Return the material below exactly, but only from the line with "Каталог запасных частей" through the line with "6 X Glade Electric", and without its pictures.

- [DATASET CONTENT]
....

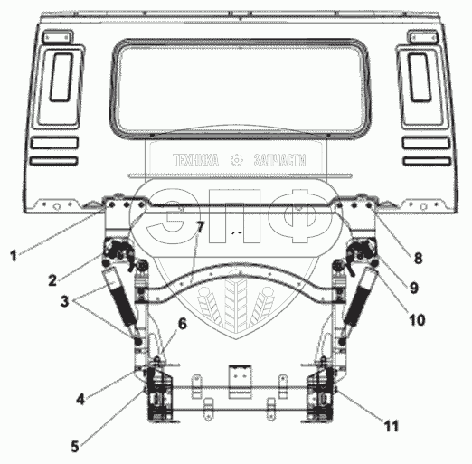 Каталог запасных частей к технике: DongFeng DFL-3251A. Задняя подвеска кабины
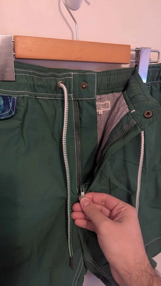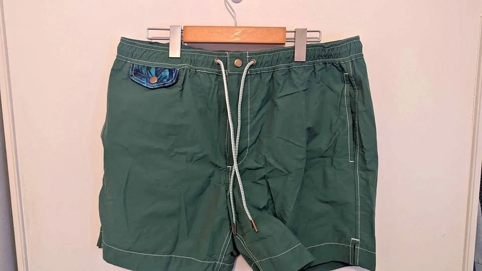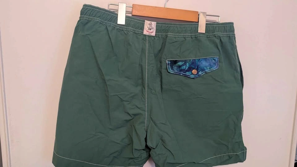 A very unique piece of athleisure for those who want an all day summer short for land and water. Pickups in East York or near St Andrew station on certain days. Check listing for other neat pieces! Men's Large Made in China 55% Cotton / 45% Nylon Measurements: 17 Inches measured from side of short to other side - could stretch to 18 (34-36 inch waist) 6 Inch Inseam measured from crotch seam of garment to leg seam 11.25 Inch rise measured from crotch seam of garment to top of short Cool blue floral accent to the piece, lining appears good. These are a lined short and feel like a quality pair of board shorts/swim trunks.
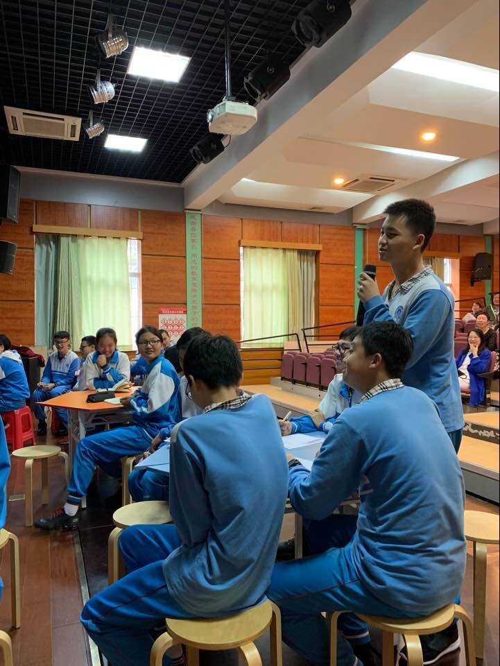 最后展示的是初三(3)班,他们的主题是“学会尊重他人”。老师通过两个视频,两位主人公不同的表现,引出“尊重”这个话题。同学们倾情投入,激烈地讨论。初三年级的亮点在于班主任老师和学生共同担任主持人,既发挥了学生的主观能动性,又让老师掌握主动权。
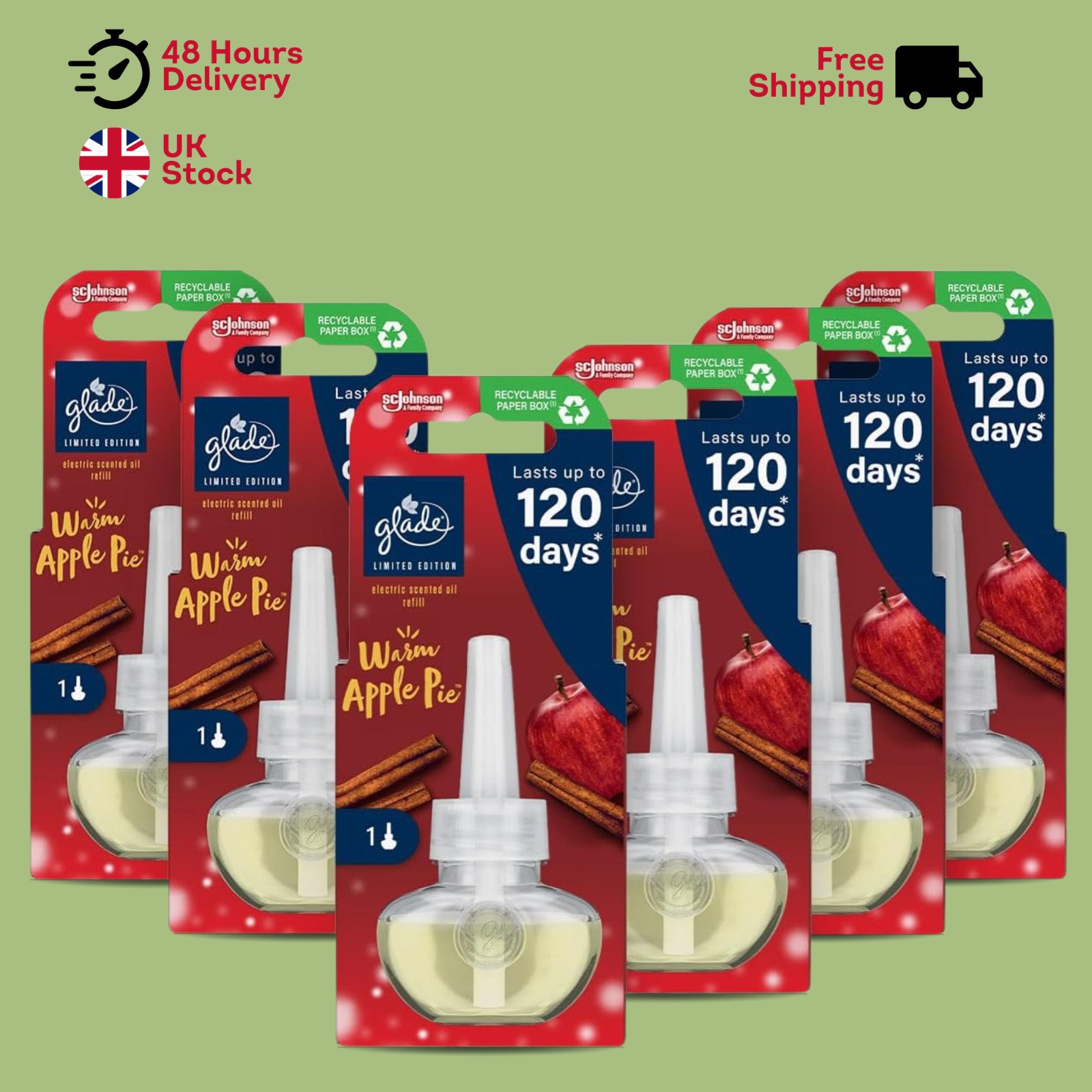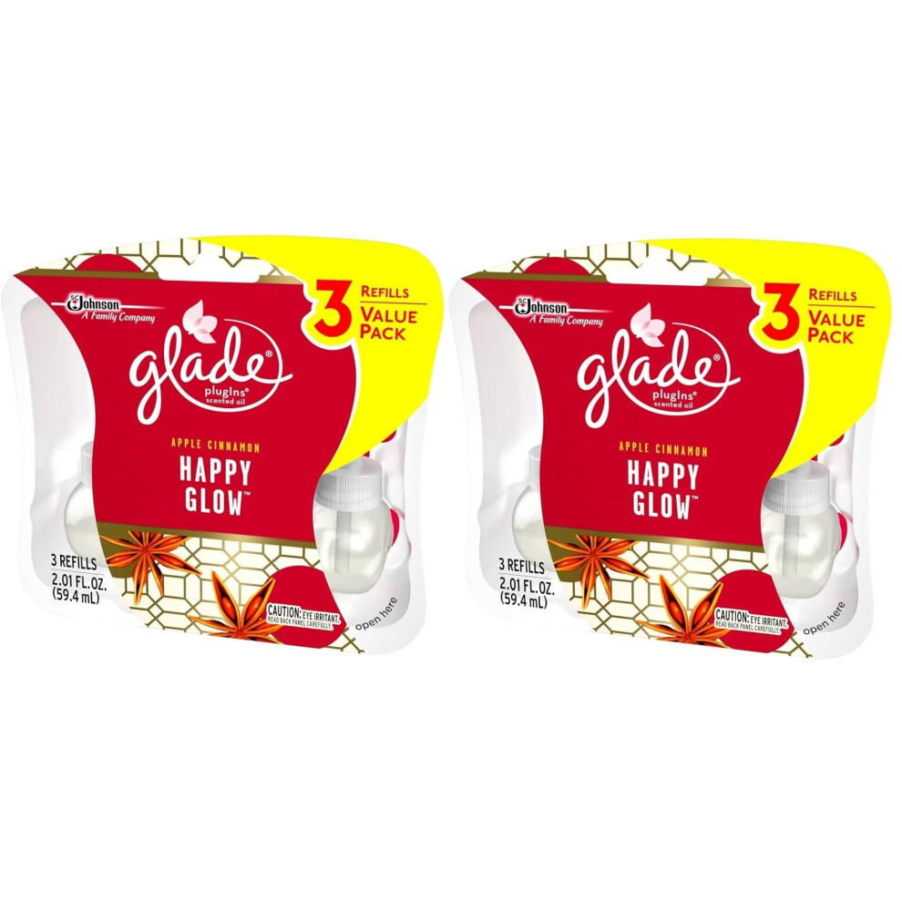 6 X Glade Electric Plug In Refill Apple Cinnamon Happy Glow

....

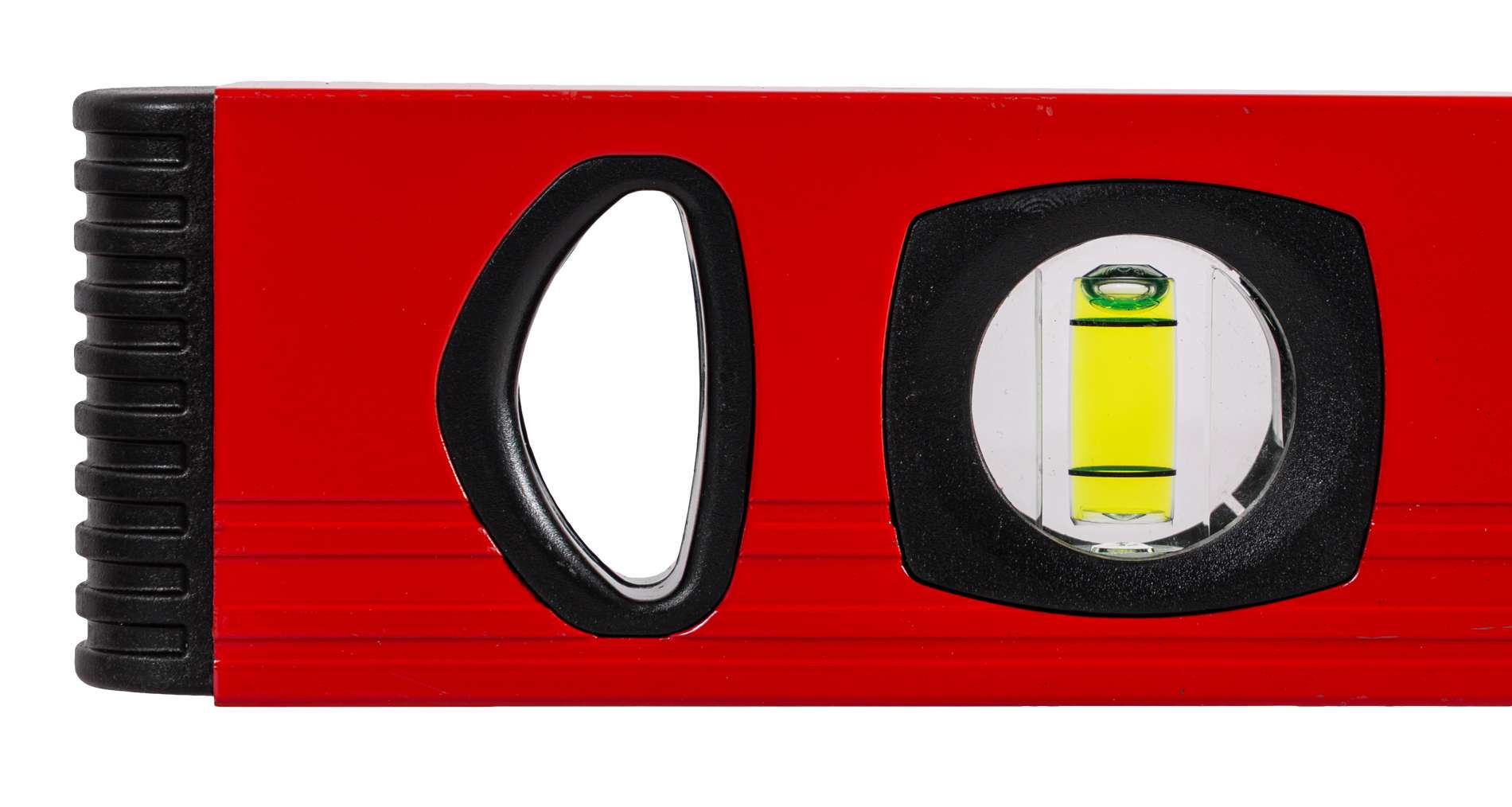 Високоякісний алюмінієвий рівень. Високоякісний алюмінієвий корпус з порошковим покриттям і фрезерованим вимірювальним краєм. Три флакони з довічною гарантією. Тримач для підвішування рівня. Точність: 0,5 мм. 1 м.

....

- [RESPONSE AREA]
 Каталог запасных частей к технике: DongFeng DFL-3251A. Задняя подвеска кабины
 A very unique piece of athleisure for those who want an all day summer short for land and water. Pickups in East York or near St Andrew station on certain days. Check listing for other neat pieces! Men's Large Made in China 55% Cotton / 45% Nylon Measurements: 17 Inches measured from side of short to other side - could stretch to 18 (34-36 inch waist) 6 Inch Inseam measured from crotch seam of garment to leg seam 11.25 Inch rise measured from crotch seam of garment to top of short Cool blue floral accent to the piece, lining appears good. These are a lined short and feel like a quality pair of board shorts/swim trunks.
 最后展示的是初三(3)班,他们的主题是“学会尊重他人”。老师通过两个视频,两位主人公不同的表现,引出“尊重”这个话题。同学们倾情投入,激烈地讨论。初三年级的亮点在于班主任老师和学生共同担任主持人,既发挥了学生的主观能动性,又让老师掌握主动权。
 6 X Glade Electric Plug In Refill Apple Cinnamon Happy Glow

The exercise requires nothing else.